Con el pretexto de una globalización que campa a sus anchas, existe entre algunos la tentación de que nos parezcamos cada vez más a China. La civilización del ocio que preconizaban en los años sesenta del siglo pasado algunos utópicos de inspiración marxista como Herbert Marcuse se quedó en eso: pura utopía. Y ahora se nos pide trabajar más y por menos dinero cada vez como única forma de competir con el gigante asiático.

Una China que se está ya viendo obligada a subir los sueldos de sus trabajadores urbanos, pero que tiene en sus zonas rurales un enorme ejército de reserva dispuesto a tomar el relevo y a competir a la baja, pero también una China con millones de jóvenes dispuestos a aprender -en sus propias universidades y en las mejores de Occidente- y a emprender con lo aprendido. Todo un desafío para Occidente.

¿Estamos preparados para hacerle frente? Es la pregunta a la que tenemos que responder ya.
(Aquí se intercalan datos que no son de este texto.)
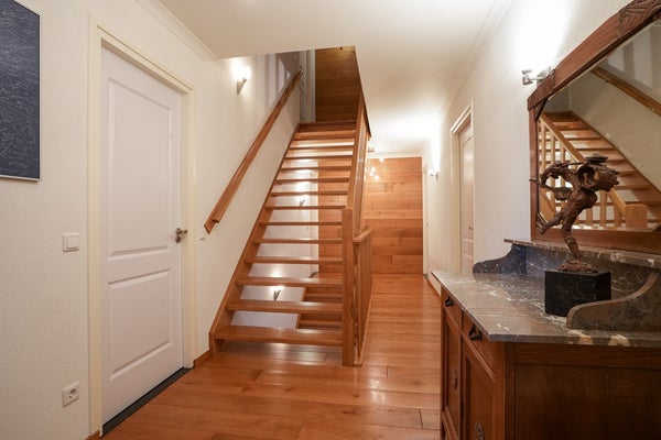 Dit fraaie woonhuis heeft een dubbele entree aan de kant van de Rijksweg. In het linkerdeel is de entree van het woongedeelte en bij het rechterdeel is de entree van het kantoorgedeelte. Eerst gaan we naar het woongedeelte, waar u als eerste in de zeer royale ontvangsthal staat. Hier zijn de meterkast, het gastentoilet, een maatwerk garderobe en de prachtige trap naar de eerste verdieping.
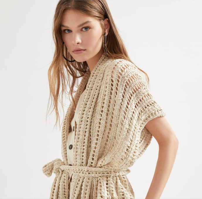 Грубоватые текстуры в летнем стиле и ажурная резинка - отличительные особенности кардигана Даззлинг.

Lo están haciendo los alemanes, que han visto en aquel país un potencial enorme para las exportaciones de los productos de que está más necesitado: desde los vehículos de cuatro ruedas hasta todo tipo de maquinaria pesada o de precisión.

Pero ese y otros países de los llamados emergentes necesitarán también know how en sus distintos sectores de actividad: desde las nuevas energías eólicas hasta el urbanismo, la arquitectura, la construcción de infraestructuras o el turismo.

Y los europeos tenemos que estar preparados para proporcionárselo. Para ello es preciso sumar esfuerzos, aprovechando las potencialidades de cada uno de nuestros países. Hay que crear cuanto antes un espacio europeo de investigación y desarrollo que deje aflorar y fructificar los mejores talentos. Hay que acabar con el nepotismo y potenciar también en nuestros países del Sur, menos acostumbrados a ello, la cultura del mérito, imitando en ello a los países anglosajones, pero mitigando al mismo tiempo las enormes desigualdades que caracterizan a esos últimos.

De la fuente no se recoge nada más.